Pointing to the problems of setting up a commission, Rao said an independent land commission outside the government would mean denigrating the elected government and the state cabinet. “Hence, we want the monitoring committee to work under the stewardship of the chief minister. It will also oversee all land-related issues, including the recommendations of Rangarao Committee,” he added.

However, Rao said the final decision on the composition of the proposed committee will be taken by chief minister Rajasekhara Reddy.

The Rangarao Committee has made 104 suggestions, out of which 74 were agreed upon, while nine were found not feasible to implement. The government will make a formal announcement with regard to the remaining 21 recommendations, the minister said.

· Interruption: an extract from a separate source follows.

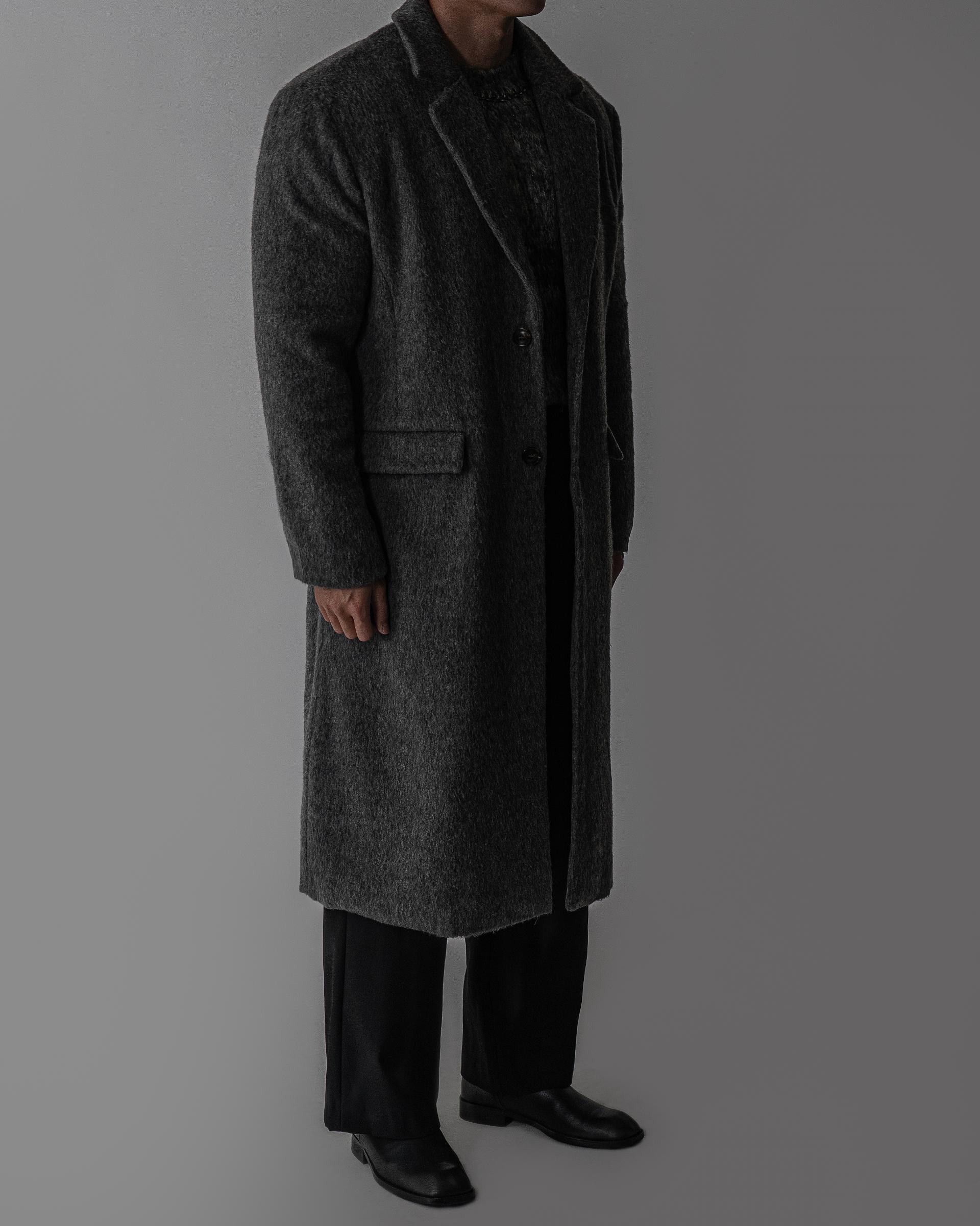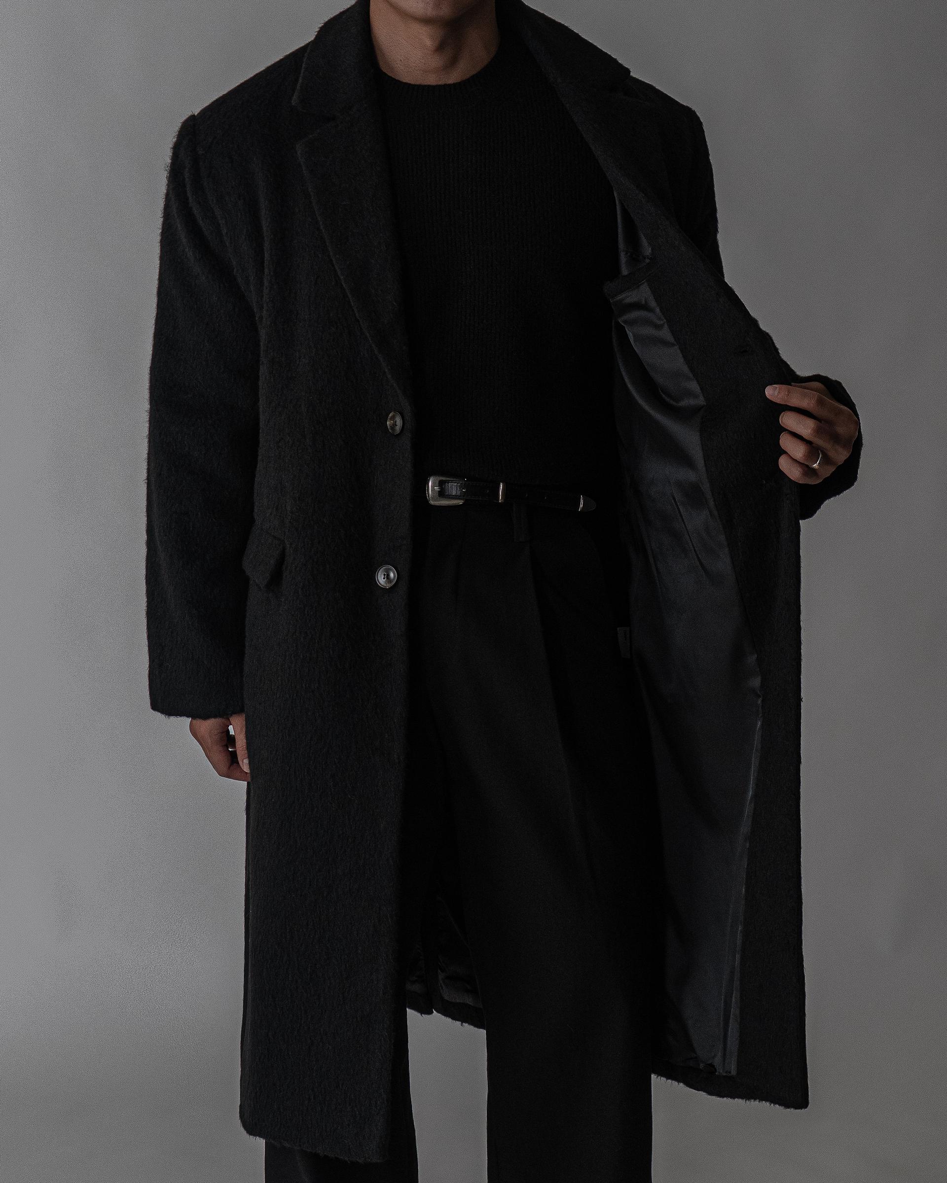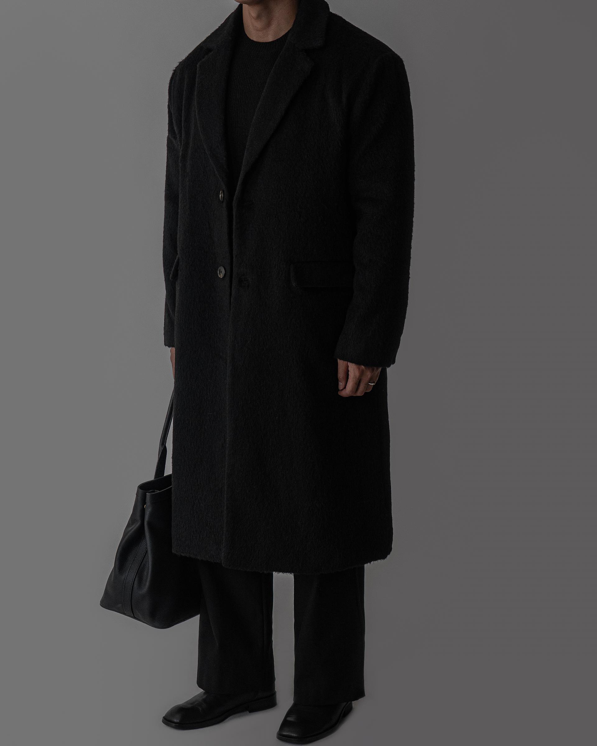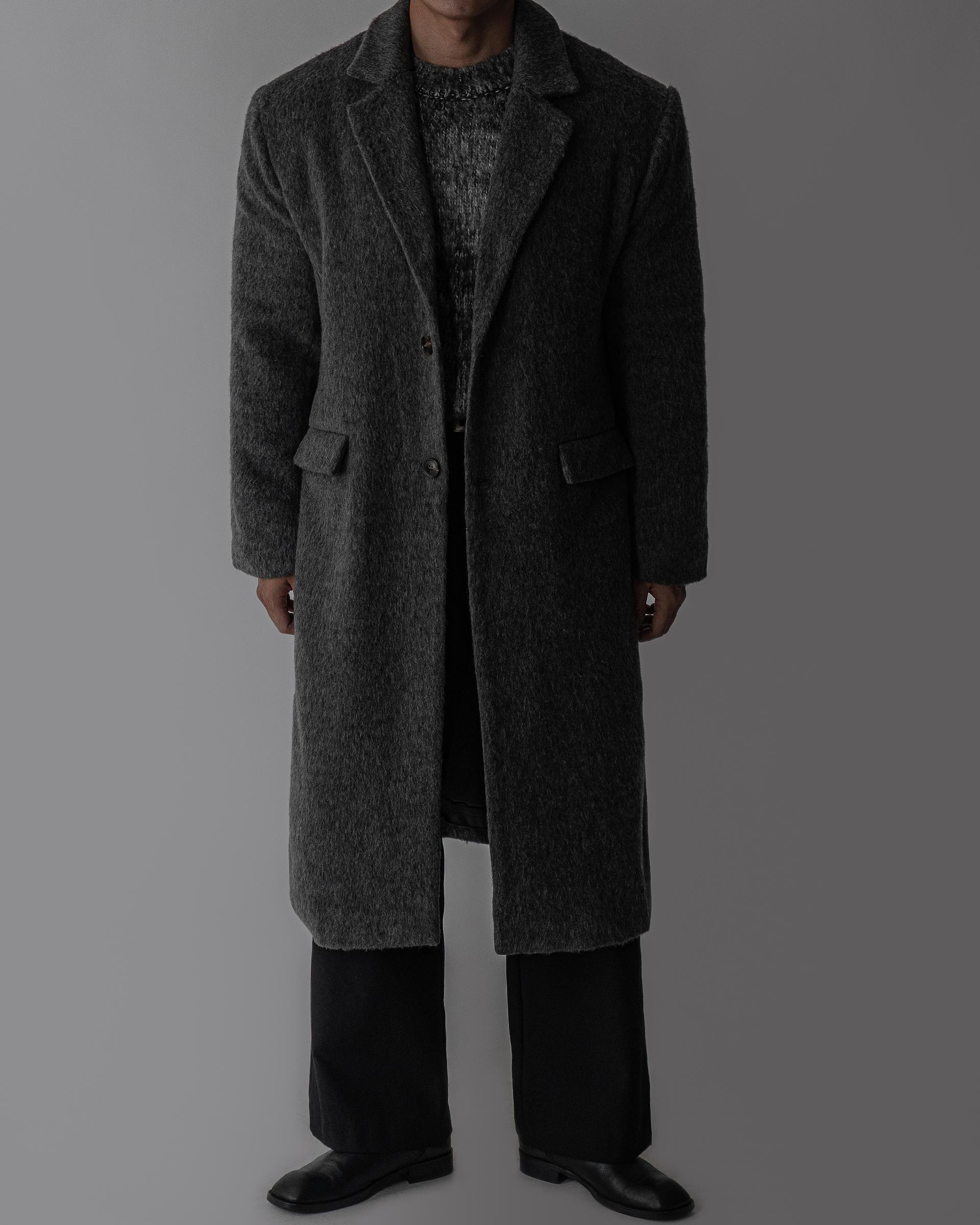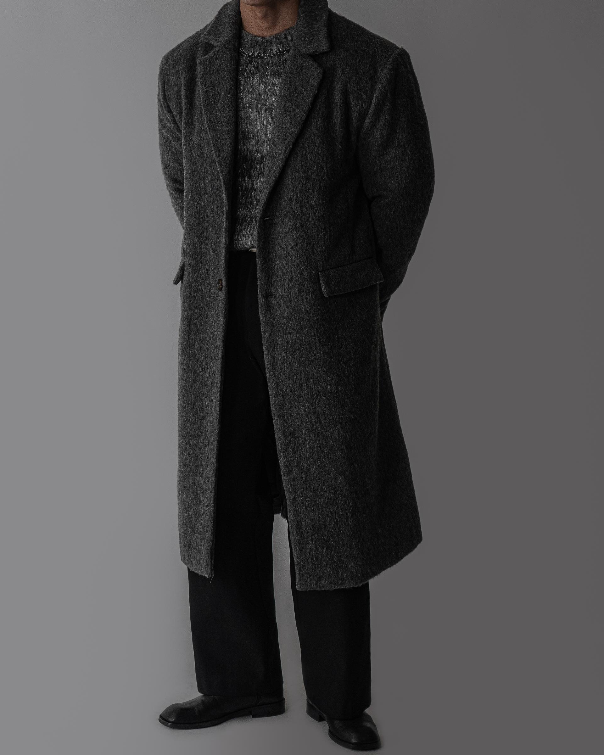 - 헤어리 텍스처가 돋보이는 클래식 싱글 롱 코트

“When the main goal for both, the Congress and the Left, is to distribute land to the landless poor, the means to achieving the goal does not matter,” Rao said. He said the government plans to organise regional conferences with revenue officials at Tirupati, Visakhapatanam and Hyderabad during September to discuss all land-related issues, including problems of the tenant farmers.

Giving a new turn to the entire land issue which has been gathering heat, the state government has decided to look into violations of the Agriculture Land Ceiling Act. Officials estimate a few thousand hectares of farm land is being occupied illegally. “Most of this land has been assigned to the weaker sections but is occupied by the upper castes,” officials pointed out. The land has been occupied/bought since 1983 by violating the agriculture ceiling laws. Now such land is under litigation, thus giving an opportunity to illegal occupants to continue with possession of the land, officials said.

Addressing the joint collectors’ conference a couple of days back, the chief minister had said that media houses and industrialists had acquired agricultural land crossing all legal boundaries. He asked joint collectors/RDOs to be more vigilant on such deals and take corrective measures. The land should be taken back, by all means, from the illegal occupants and restored to the original assignee, Reddy said.

Meanwhile, the AP high court has admitted a writ petition challenging the authority of the government to selectively allot land (around Hyderabad) to business houses without public auction or tendering. Though the bench refused a stay on the action of the government, it said future allotments to private parties by the government would be subject to the final orders on the writ petition.